From the Physician’s Desk … Weekly Blog!

Don’t forget to visit … http://www.LegacyEducators.org and click on “Cancer Information”


October is Breast Cancer Awareness Month. Although breast cancer is only one of many cancers, I am pleased of the exposure that the many “pink” ribbon brings. It gives me hope that other cancers can have a similar banner of awareness…in the near future. Despite our many progress and technological advances in medicine, cancer remains the second leading cause of death in the United States. For example, Breast Cancer has over 220,000 new diagnosis annually, and over 400,000 deaths each year. Many are surviving a longer time thank in the past.
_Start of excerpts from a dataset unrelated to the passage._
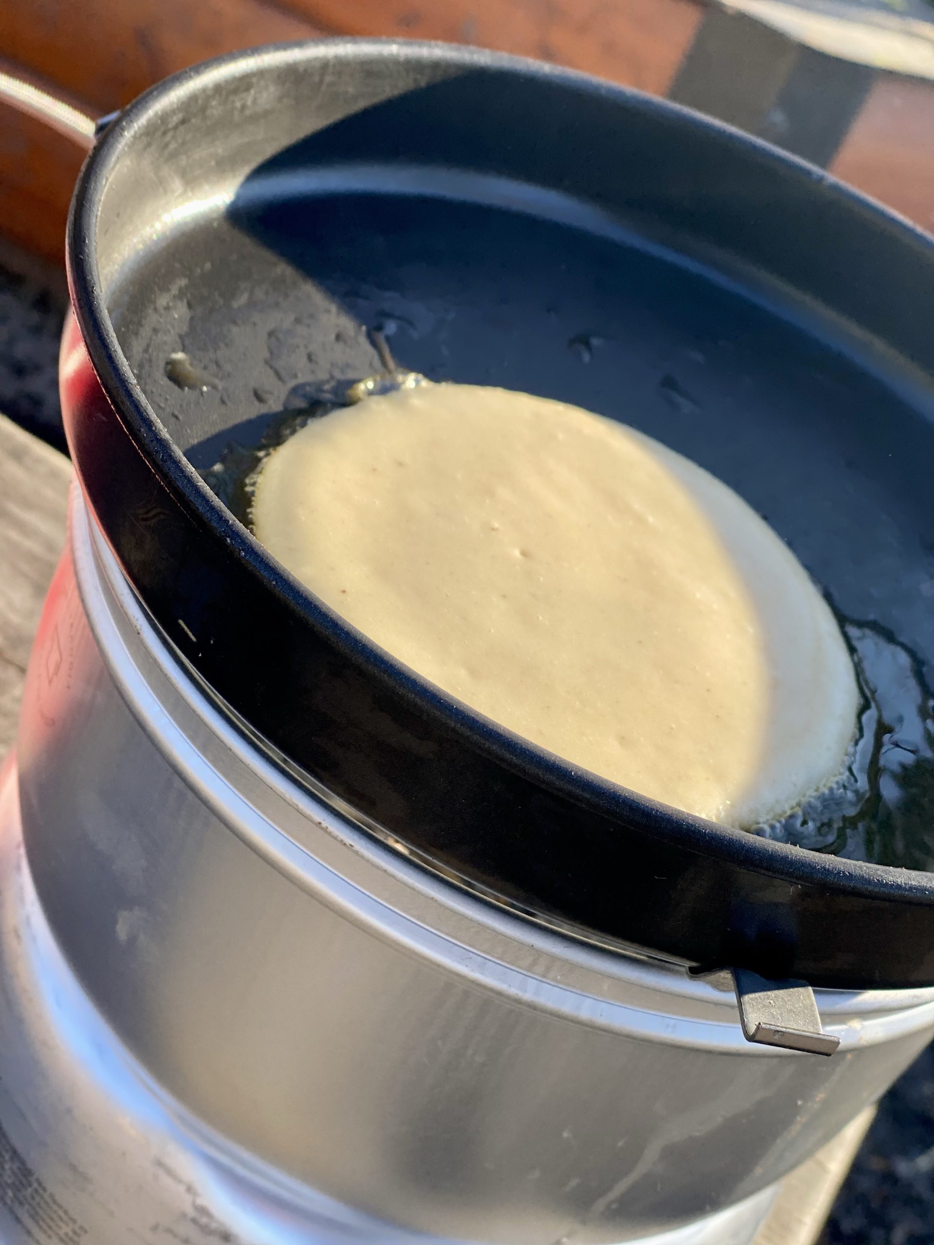 Tog med Nutella som vi bredde på dem med. Fasligt smarrigt, smakade en liten bit. Är ju allergisk mot hasselnötter och äter inte så mycket sånt mer än på lördagar just nu. 😀 Tog med vårt Trangiakök, det är verkligen helt perfekt att laga mat med och faktiskt också göra lite enklare efterrätter med. Älskar det där stormköket alltså.
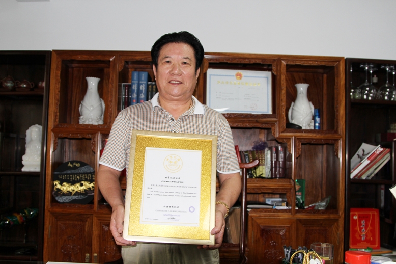 世界纪录保持者:    朱洪坤先生所有的236CM*112CM的翡翠白菜。
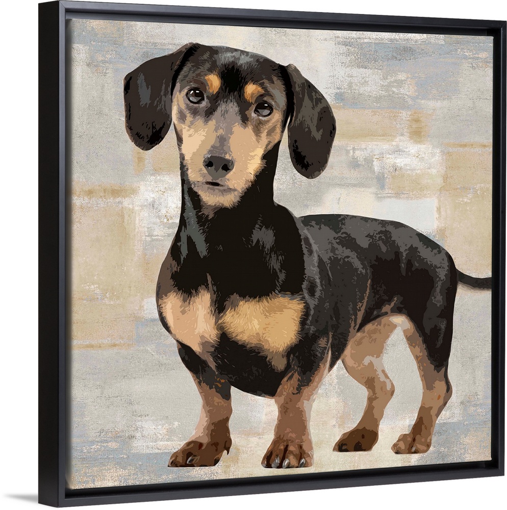 <p>Square decor with a portrait of a Dachshund on a layered gray, blue, and tan background.</p>
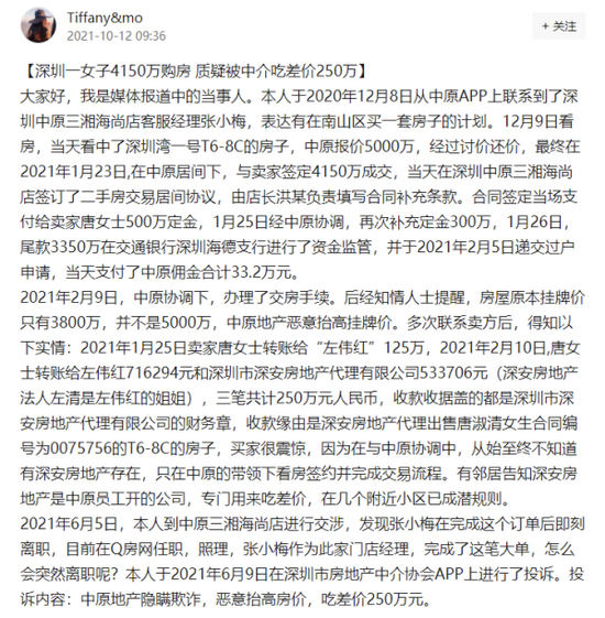 她已于2021年6月9日在深圳市房地产中介协会App上进行了投诉,投诉内容:中原地产隐瞒欺诈,恶意抬高房价,吃差价250万元。
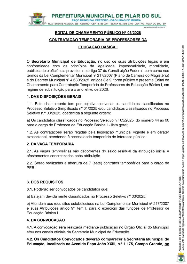 EDITAL DE CHAMAMENTO PÚBLICO Nº 05/2026
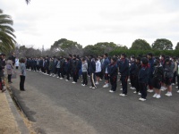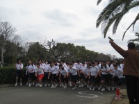 11:30 続いて男子のスタートです。走り終えた女子の声援を浴び、勢いよく飛び出しました。男子は5、8キロを走ります。先導は体育科・山尾先生。離されないよう、必死で後ろ姿を追いかけます。
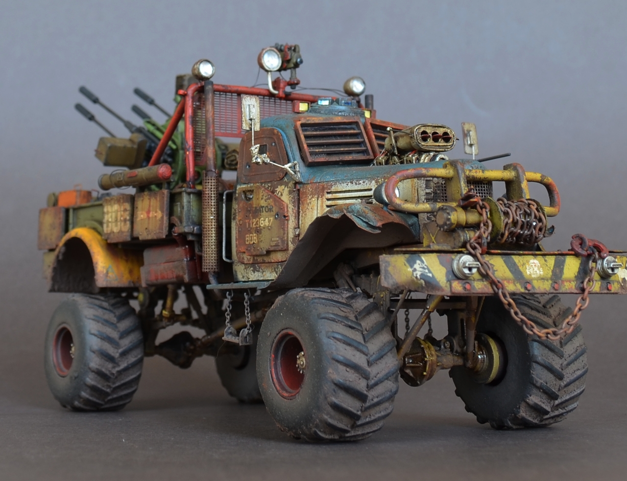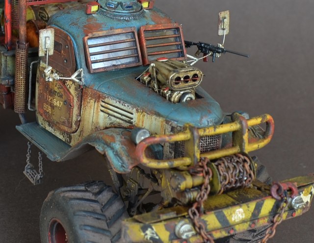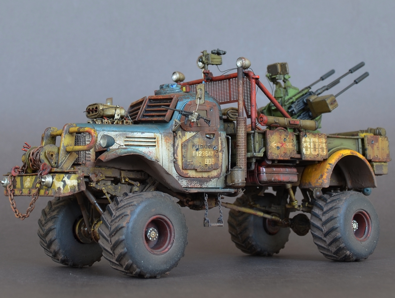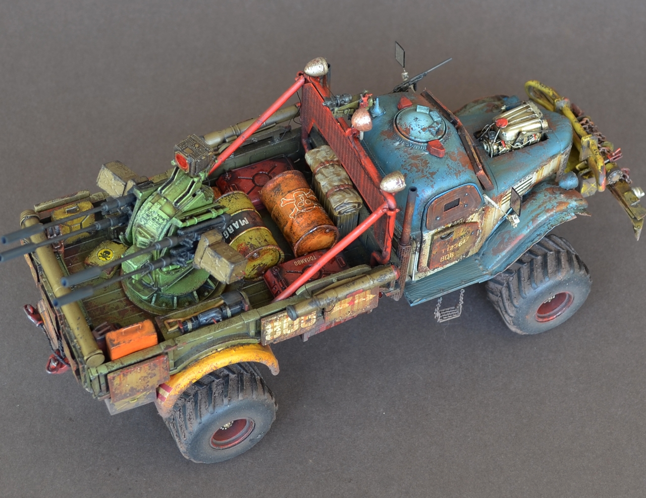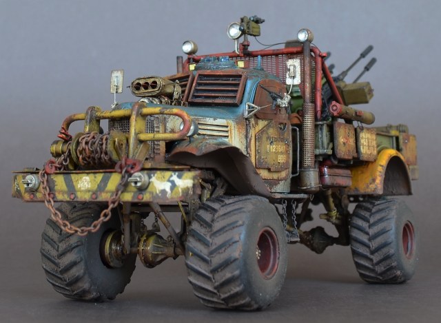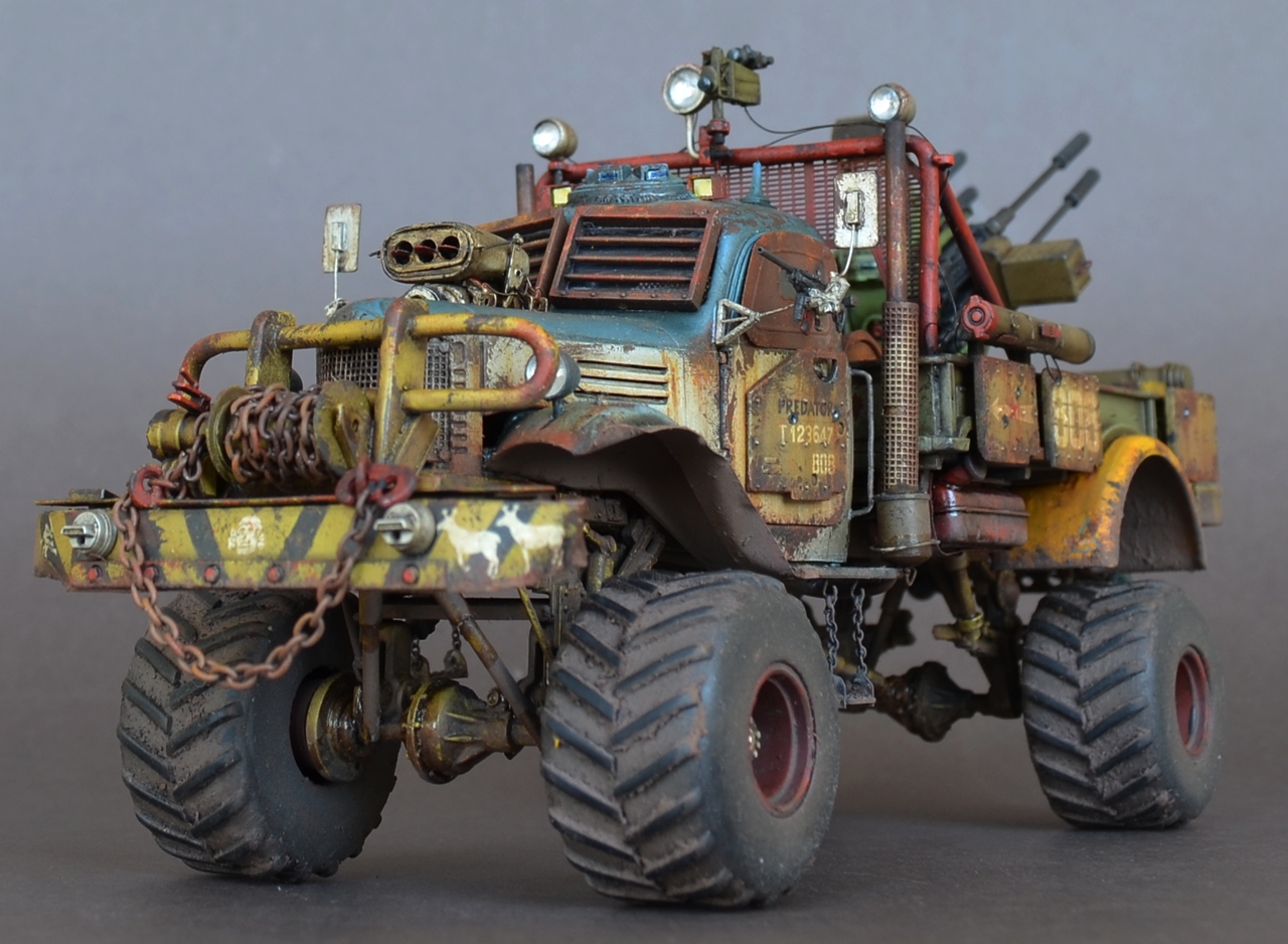 - Материалами послужили остатки от моделей.Кабина и рама от ЗиС-151 от Звезды .Передние болотники Скаут от Звезды.Задние болотники Мерседес Л4500 Звезда.Кузов ГАЗ-66 от ВЭ.Зенитка Тамия.Колеса от какой то игрушки.Прочая мелочь даже не сказу от чего.Все это было соединено пр помощи проволки пластика и различных трубок.Так же использовал остатки травления.Декали то же из остатков.

  • Overall, cancer has taken on a more “chronic” long term debilitating effect, for those who survive initial treatment and are then diagnosed with recurrence/metastatic disease.
  • One the most feared symptom in this category of patients is pain. Overall, 50% to 70% of people with cancer experience some degree of pain, which usually intensifies as the disease progresses.
  • Less than 50% of these patients receive adequate relief of their pain, either because they are afraid to ask because they fear “addiction”, or physicians are unlikely to prescribe adequate medication to attain relief that will allow the patient continued good quality of life.
  • Suboptimal pain control can be debilitating and caregivers are often times unsure how to address this issue.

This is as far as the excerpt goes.